“The lives of great men are like legends-difficult but
beautiful,” Janusz Korczak once wrote, and it was true of his.
Janusz Korczak |
Most Americans have never heard of Korczak, a Polish-Jewish children’s writer and educator, who is as well known in Europe as Anne Frank.
Like her, he died in the Holocaust and left behind a diary.
Unlike her, he had a chance to escape that fate, a chance he chose not to
take.
His legend began on August 6, 1942 during the early stages
of the Nazi liquidation of the Warsaw Ghetto, though his dedication to destitute
children was legendary long before the war.

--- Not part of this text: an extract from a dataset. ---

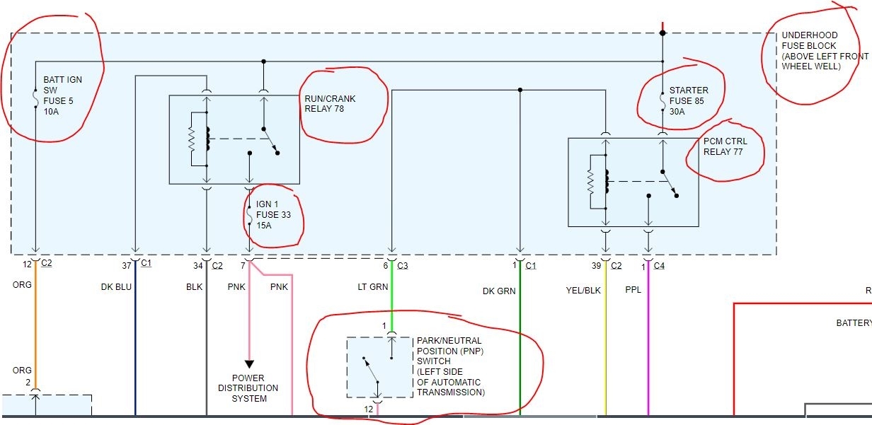 Also, I attached a portion of the starting system schematic. I circled thing I need you to check.
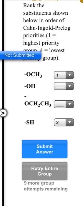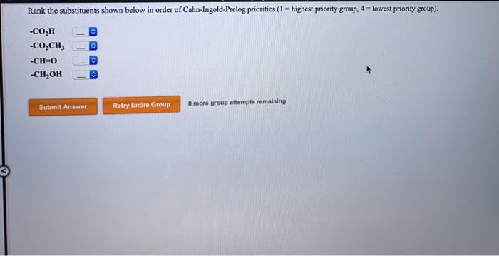 2423 EP05 001A - Ranking Substituents According to Cahn ... - YouTube Rank the following set of substituents in order of priority according to the Cahn-Ingold-Prelog sequence rules: a) -OH b) -OCH3 c) -COOH d) -CHO ...more ...more

He was to die as Henryk Goldszmit, the name he was born
with. But it was by his pseudonym that he would be remembered. As Janusz Korczak he introduced progressive
orphanages into Poland, founded the first national
children’s newspaper, trained teachers in what we now call moral education, and
worked in juvenile courts defending children’s rights. His books How to Love a
Child and The Child’s Right to Respect gave parents and teachers new insights
into child psychology.
Dining Hall at Korczak's Orphanage |
Generations of young people had grown up on his books, especially the classic King Matt the First, which tells of the adventures and tribulations of a boy king who aspires to bring reforms to his subjects. It was as beloved in Poland as Peter Pan and Alice in Wonderland were in the English-speaking world.
When the Germans ordered his famous orphanage evacuated, Korczak was forced to gather together the one-hundred-ninety-two children in his care. He led them with quiet dignity on that final march through the ghetto streets to the train that would take them to “resettlement in the East,” the Nazi euphemism for the death camp Treblinka.
At the end, Korczak, who had directed a Catholic as well as
a Jewish orphanage before the war, had refused all offers of help for his own
safety from his Gentile colleagues and friends. “You do not leave a sick child
in the night, and you do not leave children at a time like this,” he said.
According to a popular legend, when the group of orphans
finally reached the Umschlagplatz (deportation point to the death camps), an SS
officer recognized Korczak as the author of one of his favorite children's
books and offered to help him escape. Korczak once again refused.
He boarded
the trains with his children and was never heard from again.
Polish government officials recently unveiled a memorial plaque in
Warsaw in honor of the Warsaw Ghetto hero on the 70th Anniversary of his death.